# What does your T room/setup look like?



## antinous (Jun 8, 2016)

Curious to see how others have their T's set up or if they have their own T room (and share pics).

Here's mine, not very big, just 24 mostly slings:

Reactions: Like 3


----------



## Trenor (Jun 8, 2016)

Trenor said:


> Oh and here is my meager tarantula table


I now have two end tables with larger enclosures on them until I get the second table setup.

Reactions: Like 2


----------



## Blackout14 (Jun 8, 2016)

Mine right now is setup on a very large ( 8 ft by 4 ft) workbench in my basement.  33 in total a lot of sling and juvies at some point in building a big shelve to hold my Exo Terra's for my snakes and all as well

	
	
		
		
	


	
















Sling humidor

Reactions: Like 3


----------



## trinette (Jun 8, 2016)

Only have five......for now

Reactions: Like 3


----------



## louise f (Jun 8, 2016)

Got mine in the living room

Reactions: Like 6 | Love 2


----------



## PanzoN88 (Jun 8, 2016)

I keep most of my tarantulas on a shelf in my computer room, the two not on the shelf are my A. Geniculata and my GBB which I keep on a desk in the same room. I would take a picture but the room is a little bit messy as I am preparing enclosures for future additions.


----------



## beaker41 (Jun 8, 2016)

"A bit messy " hahah check this mess out

Reactions: Like 2 | Love 1


----------



## sdsnybny (Jun 8, 2016)

I'm running out of shelf space, especially since the slings are growing like weeds.
Plus one more metal rack not pictured.

Reactions: Like 2


----------



## viper69 (Jun 8, 2016)

beaker41 said:


> "A bit messy " hahah check this mess out


What's the gray/clear pipes? for on the set of containers on the row below the top for?


----------



## viper69 (Jun 8, 2016)

sdsnybny said:


> I'm running out of shelf space, especially since the slings are growing like weeds.
> Plus one more metal rack not pictured.
> 
> View attachment 212866
> View attachment 212865


Container questions

1. Where did you get those containers that house the P rufis? DO you like them?
2. Where did you get those containers w/the aqua lids and the clear lids? And how much were they?
3. What are those shiny disks/circles for in all of those same containers.


----------



## beaker41 (Jun 8, 2016)

viper69 said:


> What's the gray/clear pipes? for on the set of containers on the row below the top for?
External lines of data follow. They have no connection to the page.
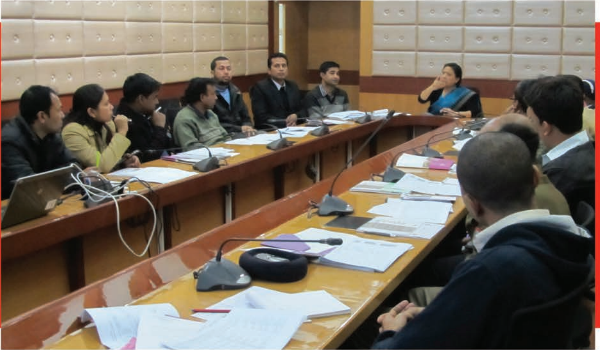
Discussions with the NGOs, Civil Defence, AFSO on the execution of the Programme

Feedback from State Fire Service Organisation which conducted Fire Safety Assessment in the apartment buildings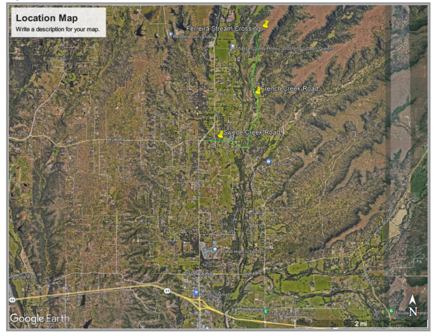
Figure 1. Site Location Map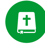
Weekly Bible Studies/Church Service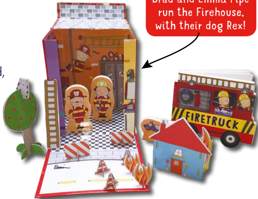
Brad and Emma Pipe run the Firehouse, with their dog Rex!

Each beautifully decorated house contains more surprises: press out pieces that fit together to form 3D furniture; three wooden characters to play with; and a board book with brilliant illustrations.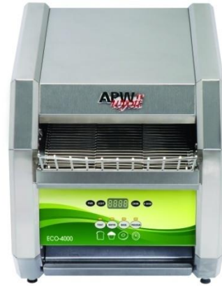
Model ECO 4000 350E

*Warranty does not include rock grates, cooking grates, burners shields or fireboxes.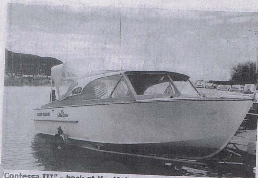
"Contessa III" - back at the Motuoapa Bay Marina after a week-ends fishing on the Lake.

The hull is very strongly constructed with 3/8 5 ply marine plywood on sawn pressure treated tanned white pine frames, and the normal quota of stringers. The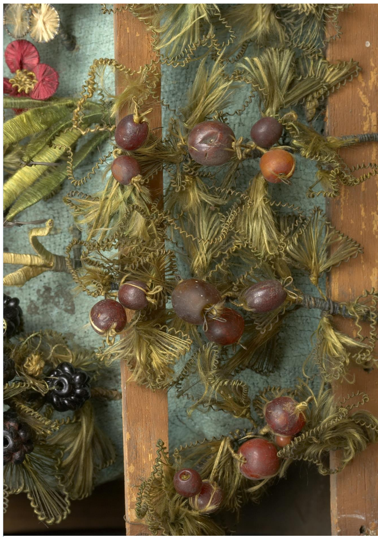
Fig.1: Mixed-Media: Detail of silk flowers in the Enclosed Garden of St. Ursula, (ca. 1530). Materials: silk, silver and messing threads, parchment, glass pearls, coral, peat, wood, textile fabric...

Promoters of the research project are the Royal Institute for Cultural Heritage, KIK-IRPA, the University of Leuven and the University of Antwerp, Axes.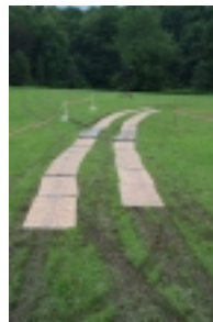
THE VW SHOW WAS ALMOST A WASHOUT BUT THEY ENDURED FOR A GOOD TIME!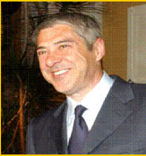
The current President-in-Office, José Sócrates , Prime Minister of Portugal.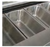
Air vents blowing cold air over G/N pan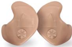
CIELO 2 ITE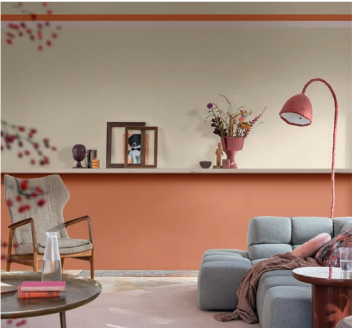
Cashmere Throw 30YY 51/098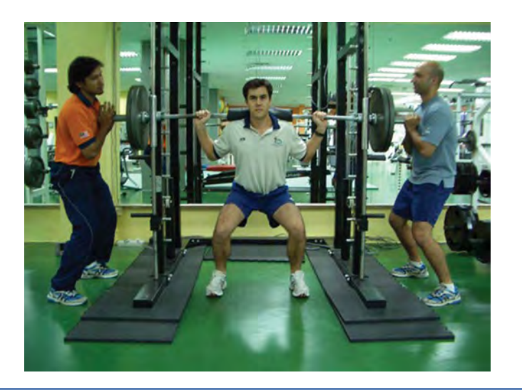
Figure 4. Wide stance concentric squat. As for normal squatting technique except the stance is wider to mimic the receiving position in match play. Spotters are necessary for the eccentric phase.

Multi direction lunges (Figure 7) performed rapidly are an ideal choice of exercise to use as they work on deceleration, body control and the turnaround phase which is actually a backward or sideways movement as opposed to most forward directed resistance training exercises.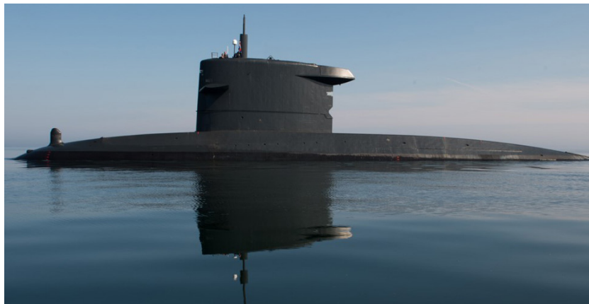
Dutch submarine HNLMS BRUINVIS at sea during the NATO exercise Dynamic Monarch in 2014. Submarine warfare and anti-submarine warfare is once again highly relevant for the changing European security environment and for NATO's collective defense and deterrence.

power across the Mediterranean. The Mediterranean will also remain the geopolitical crossroads of three continents: Europe, Africa, and Asia. Therefore, the Mediterranean is of increasing interest to emerging powers such as China, since the broader Mediterranean region is not only an important source of energy resources, but also a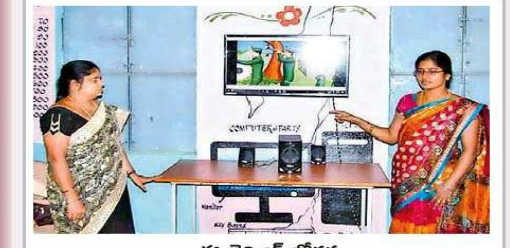
ఈ లెర్నింగ్ బోధన

డిజిటల్, ఈ లెర్నింగ్ పాఠశాలతో ఆకర్షించి విద్యార్థులు భాగస్వాములయ్యేలా కృషి చేస్తున్నారు. పాఠ్యాంశాలతో పాటు జీవన నైపుణ్యాలు, వ్యక్తిత్వ వికాసానికి సంబంధించిన సీడీలను ప్రదర్శిస్తున్నారు. పిల్లలను ఉత్తేజపరిచే అంశాలతో కూడిన డీవీడీలను పాఠశాలలకు అందించారు. స్వజననం వెలికితీసేలా బంకముల్లి, కాగిలాలతో బొమ్మల తయారీని చేయిస్తున్నారు. ఇంప్రజాతలం (మ్యూజిక్) ఎలా చేస్తారో తల్లిరు బిస్తున్నారు. వీటితో పాటు డిజిటల్ తరగతులను ఉపాధ్యాయుడికి ఉపాధ్యాయుడి ద్వారా పిల్లలకు బోధించటం, విద్యార్థుల విద్యార్థులకు పాఠ్యాంశాలను వివరించటం వంటివి పోషిస్తున్నారు.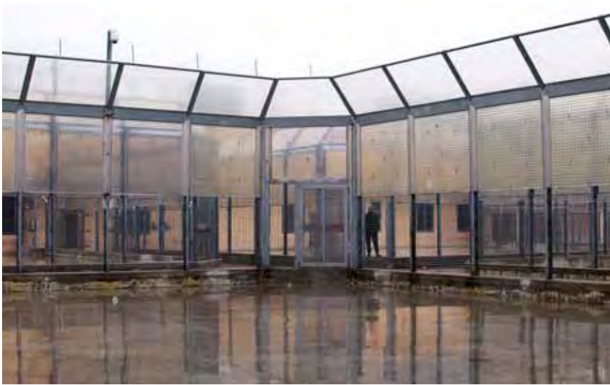
CIE of Modena, Strada Sant'Anna. Marzo 2013.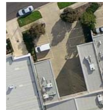
Car parks not always used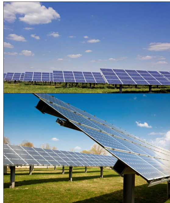
Examples of Comparable Solar Arrays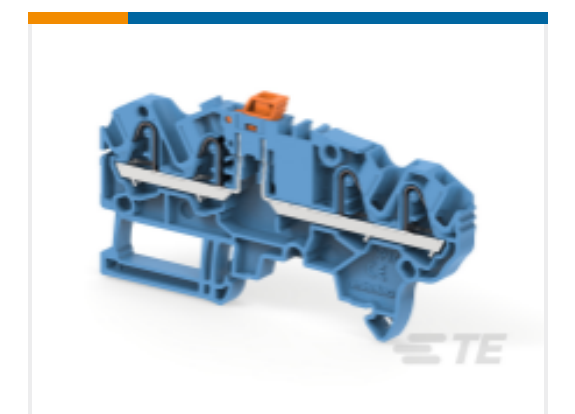
TE Part # 1SNK705321R0000 ZK2.5-S-4P-BL

The grey pipes are my vapor tubes I've got strung up everywhere, one to each 10 gallon on the big rack on the right. I just got a ultrasonic vaporizer up there and am devising a vapor multiplexor I will try to hook up to my arduino. I've also got air and temp leads to most of the tanks back there, slowly inching my way towards automation


----------



## viper69 (Jun 8, 2016)

beaker41 said:


> slowly inching my way towards automation


I'm all ears on that. What are you using, and what are you using for environmental control systems, software if any, etc. I've thought about it, but haven't proceeded.


----------



## Trenor (Jun 8, 2016)

beaker41 said:


> The grey pipes are my vapor tubes I've got strung up everywhere, one to each 10 gallon on the big rack on the right. I just got a ultrasonic vaporizer up there and am devising a vapor multiplexor I will try to hook up to my arduino. I've also got air and temp leads to most of the tanks back there, slowly inching my way towards automation


I've been looking at the raspberry pi for better monitoring. It would be nice to have temp readings for each enclosure(mostly for the reptiles) and the room. There are several USB temp probes I've seen but I haven't looked into how accurate they are. I've not even got into the setup to control the room temp etc. I have some stuff we used to control 110V lamps with the pi that I'm sure could turn on a heater. I also like the idea of phone alerts when parameters went out of the norm. Like many of my projects I need to find more time.



viper69 said:


> I'm all ears on that. What are you using, and what are you using for environmental control systems, software if any, etc. I've thought about it, but haven't proceeded.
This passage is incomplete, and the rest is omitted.